• _Dataset_
◇ ◇ ◇
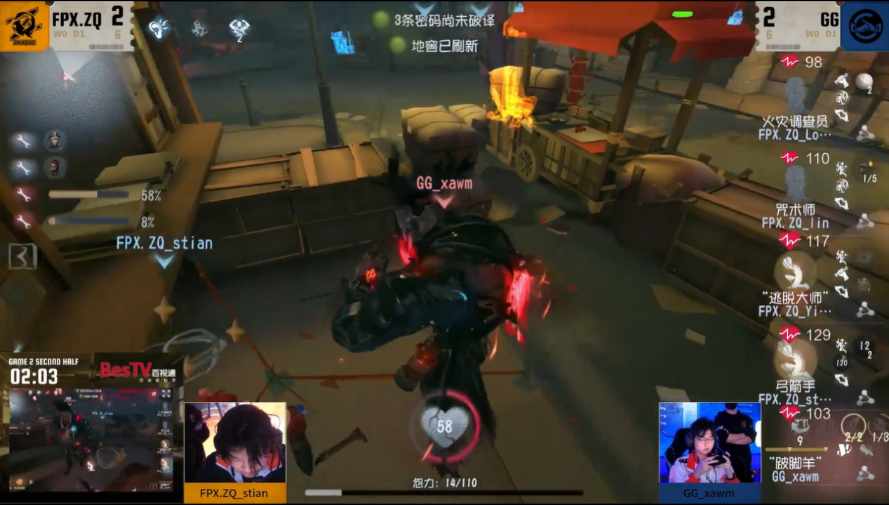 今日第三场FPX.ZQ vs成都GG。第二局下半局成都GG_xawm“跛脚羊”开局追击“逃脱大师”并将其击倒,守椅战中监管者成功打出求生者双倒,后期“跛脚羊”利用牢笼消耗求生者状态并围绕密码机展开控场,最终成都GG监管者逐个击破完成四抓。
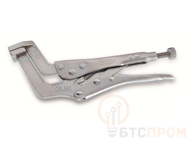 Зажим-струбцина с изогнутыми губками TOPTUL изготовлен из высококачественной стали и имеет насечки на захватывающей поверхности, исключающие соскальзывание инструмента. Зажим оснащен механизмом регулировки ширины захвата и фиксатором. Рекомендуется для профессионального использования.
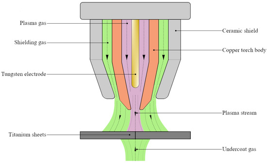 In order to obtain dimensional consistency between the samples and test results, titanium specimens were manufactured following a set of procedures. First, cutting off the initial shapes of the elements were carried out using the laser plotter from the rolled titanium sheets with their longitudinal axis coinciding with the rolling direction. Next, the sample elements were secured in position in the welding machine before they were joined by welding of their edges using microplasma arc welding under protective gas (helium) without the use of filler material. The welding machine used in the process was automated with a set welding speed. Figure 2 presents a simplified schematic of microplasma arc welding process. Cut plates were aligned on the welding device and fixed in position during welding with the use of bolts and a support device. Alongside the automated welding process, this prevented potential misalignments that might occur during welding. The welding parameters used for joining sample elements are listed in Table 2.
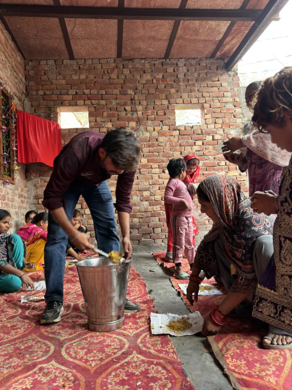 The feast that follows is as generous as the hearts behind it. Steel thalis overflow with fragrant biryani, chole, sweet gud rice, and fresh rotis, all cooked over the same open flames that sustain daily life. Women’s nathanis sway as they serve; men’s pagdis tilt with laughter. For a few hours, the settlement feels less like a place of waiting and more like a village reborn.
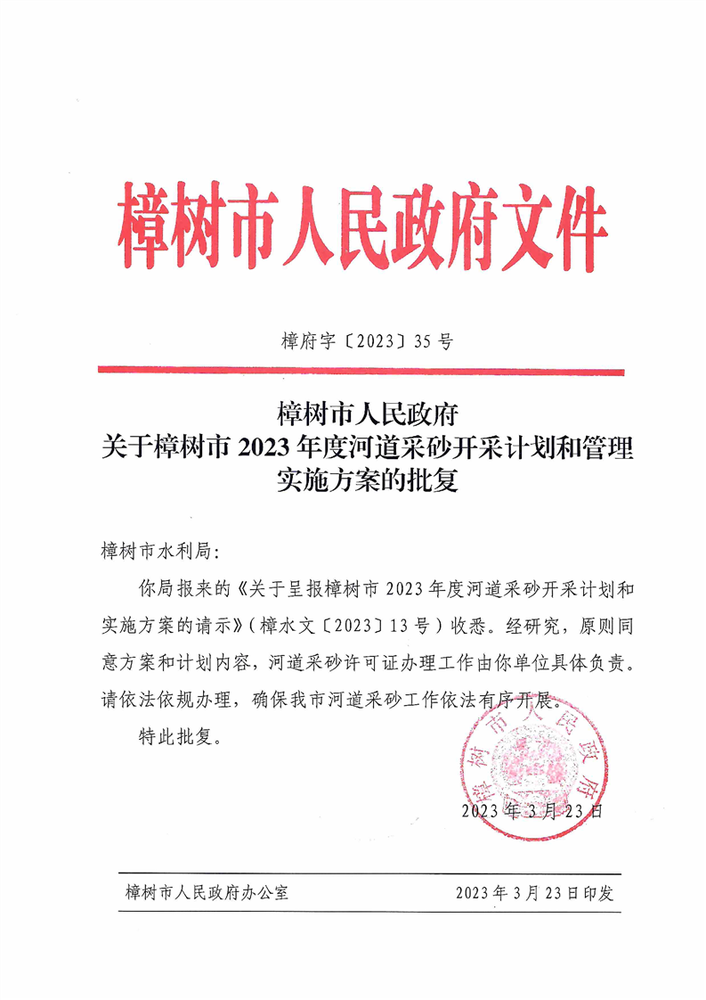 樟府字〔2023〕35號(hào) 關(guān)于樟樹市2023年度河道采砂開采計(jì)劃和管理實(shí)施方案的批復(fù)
◇ ◇ ◇
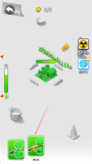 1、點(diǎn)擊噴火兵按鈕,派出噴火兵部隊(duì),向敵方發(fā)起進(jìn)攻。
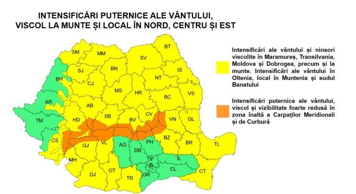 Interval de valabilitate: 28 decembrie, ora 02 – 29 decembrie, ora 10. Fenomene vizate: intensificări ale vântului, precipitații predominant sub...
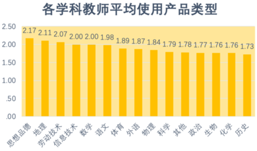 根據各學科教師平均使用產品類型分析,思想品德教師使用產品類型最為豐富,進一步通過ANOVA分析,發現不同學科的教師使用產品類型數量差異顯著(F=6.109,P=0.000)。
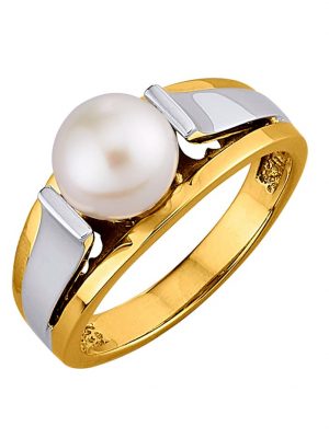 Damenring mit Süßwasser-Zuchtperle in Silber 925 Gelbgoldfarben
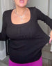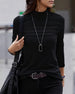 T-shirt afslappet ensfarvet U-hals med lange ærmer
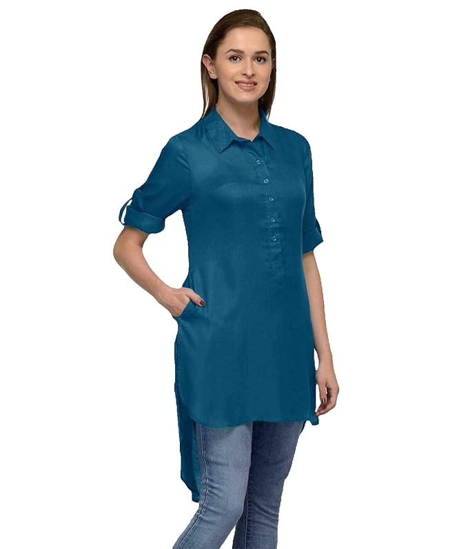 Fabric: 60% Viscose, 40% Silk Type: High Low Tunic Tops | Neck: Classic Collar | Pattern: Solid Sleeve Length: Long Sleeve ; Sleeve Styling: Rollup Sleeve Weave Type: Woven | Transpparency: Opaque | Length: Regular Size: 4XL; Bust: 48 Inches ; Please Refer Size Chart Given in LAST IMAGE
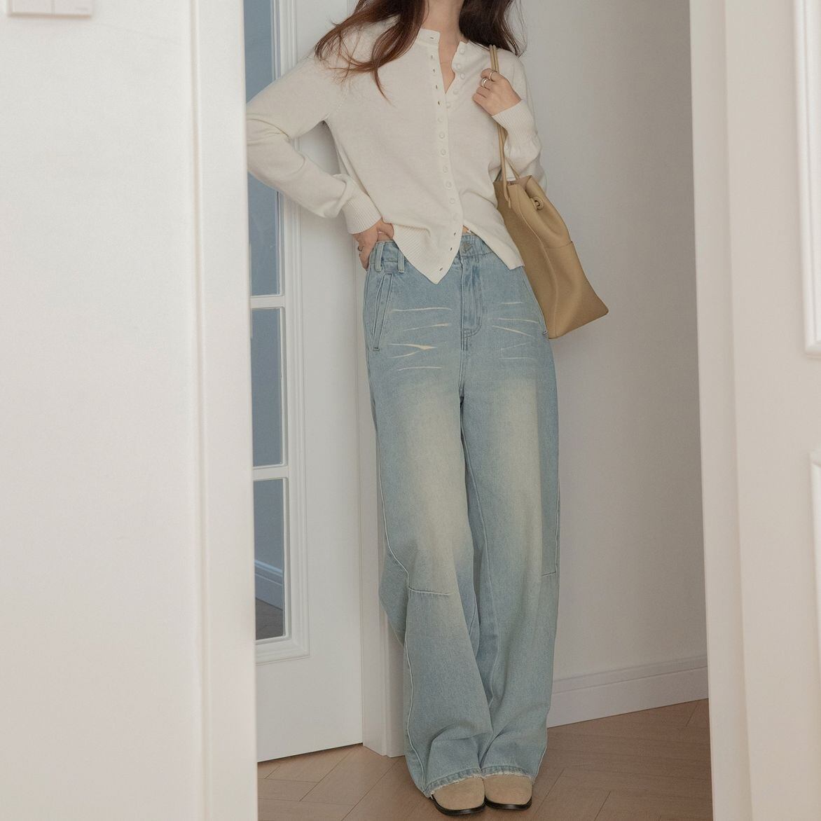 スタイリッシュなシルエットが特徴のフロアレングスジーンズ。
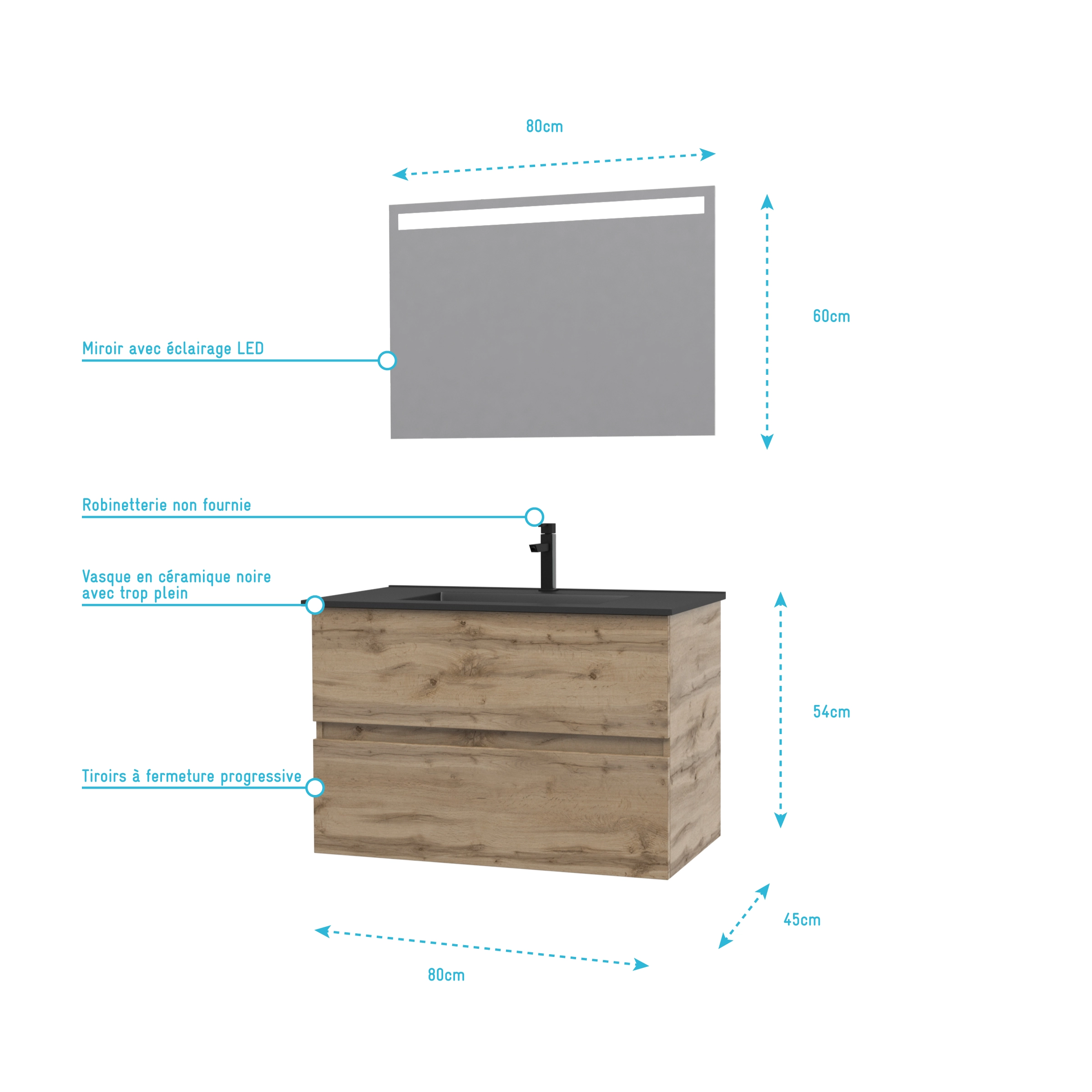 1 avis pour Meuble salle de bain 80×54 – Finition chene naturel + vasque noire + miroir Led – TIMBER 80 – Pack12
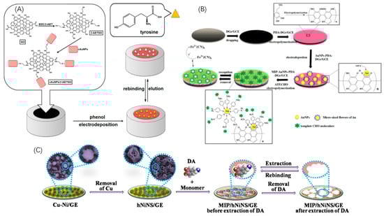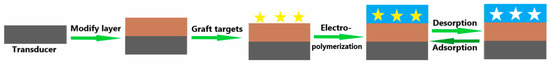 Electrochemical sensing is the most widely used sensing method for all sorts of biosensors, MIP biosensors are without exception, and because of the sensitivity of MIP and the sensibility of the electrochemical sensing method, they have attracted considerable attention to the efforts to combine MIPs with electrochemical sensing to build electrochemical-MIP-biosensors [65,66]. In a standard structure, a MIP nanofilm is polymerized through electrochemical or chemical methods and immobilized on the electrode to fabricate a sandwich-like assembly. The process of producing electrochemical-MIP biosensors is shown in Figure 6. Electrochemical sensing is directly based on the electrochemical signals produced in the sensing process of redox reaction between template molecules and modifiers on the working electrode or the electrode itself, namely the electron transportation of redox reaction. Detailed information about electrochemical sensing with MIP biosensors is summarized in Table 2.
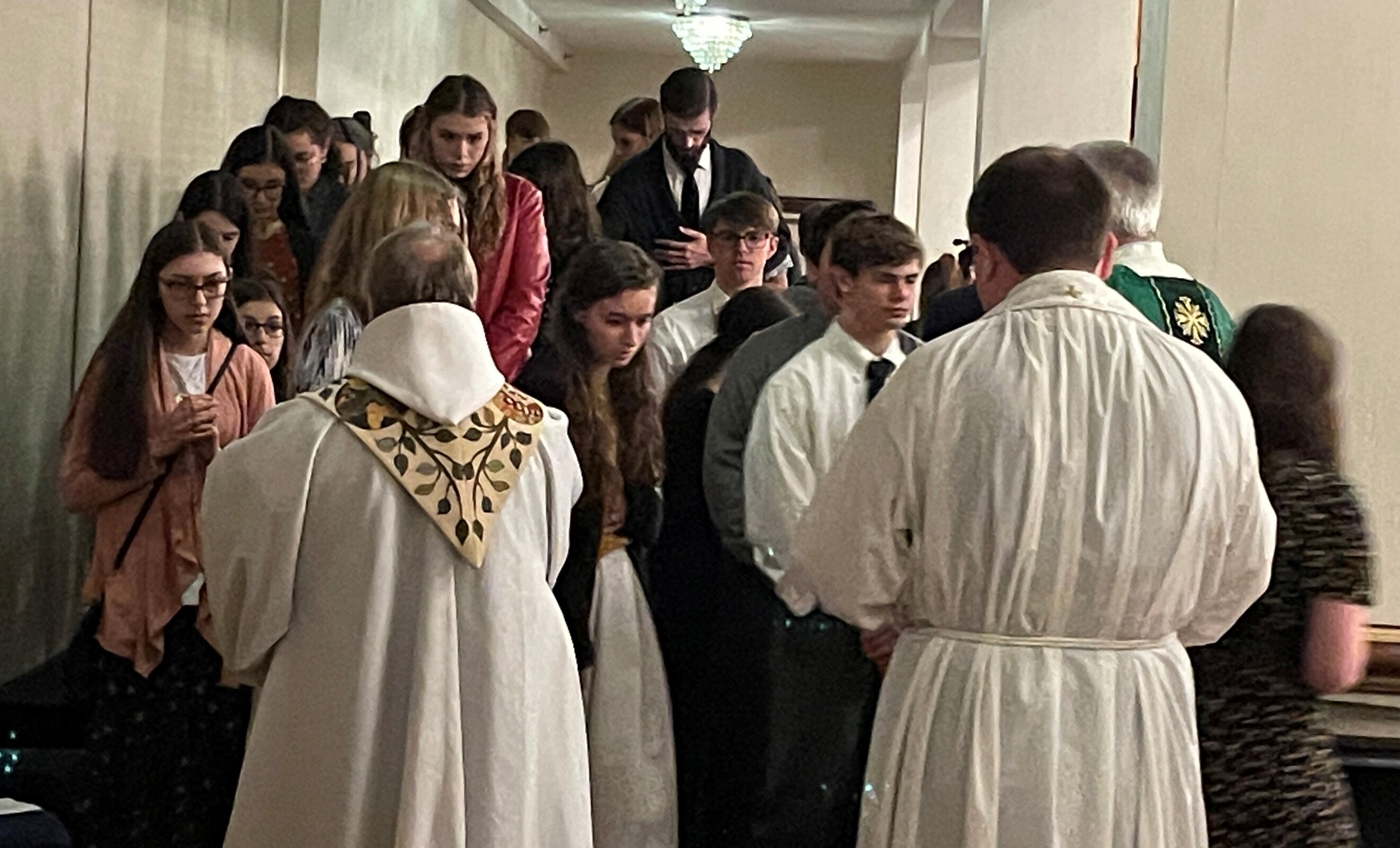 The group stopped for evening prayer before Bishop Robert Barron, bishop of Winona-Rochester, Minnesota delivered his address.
◇ ◇ ◇
From the listing above, repeat only the lines between the line containing "1、點(diǎn)擊噴火兵按" and the line containing "1 avis pour", those two included. Pictures are not part of the copy.

• _Your solution_
 1、點(diǎn)擊噴火兵按鈕,派出噴火兵部隊(duì),向敵方發(fā)起進(jìn)攻。
 Interval de valabilitate: 28 decembrie, ora 02 – 29 decembrie, ora 10. Fenomene vizate: intensificări ale vântului, precipitații predominant sub...
 根據各學科教師平均使用產品類型分析,思想品德教師使用產品類型最為豐富,進一步通過ANOVA分析,發現不同學科的教師使用產品類型數量差異顯著(F=6.109,P=0.000)。
 Damenring mit Süßwasser-Zuchtperle in Silber 925 Gelbgoldfarben
 T-shirt afslappet ensfarvet U-hals med lange ærmer
 Fabric: 60% Viscose, 40% Silk Type: High Low Tunic Tops | Neck: Classic Collar | Pattern: Solid Sleeve Length: Long Sleeve ; Sleeve Styling: Rollup Sleeve Weave Type: Woven | Transpparency: Opaque | Length: Regular Size: 4XL; Bust: 48 Inches ; Please Refer Size Chart Given in LAST IMAGE
 スタイリッシュなシルエットが特徴のフロアレングスジーンズ。
 1 avis pour Meuble salle de bain 80×54 – Finition chene naturel + vasque noire + miroir Led – TIMBER 80 – Pack12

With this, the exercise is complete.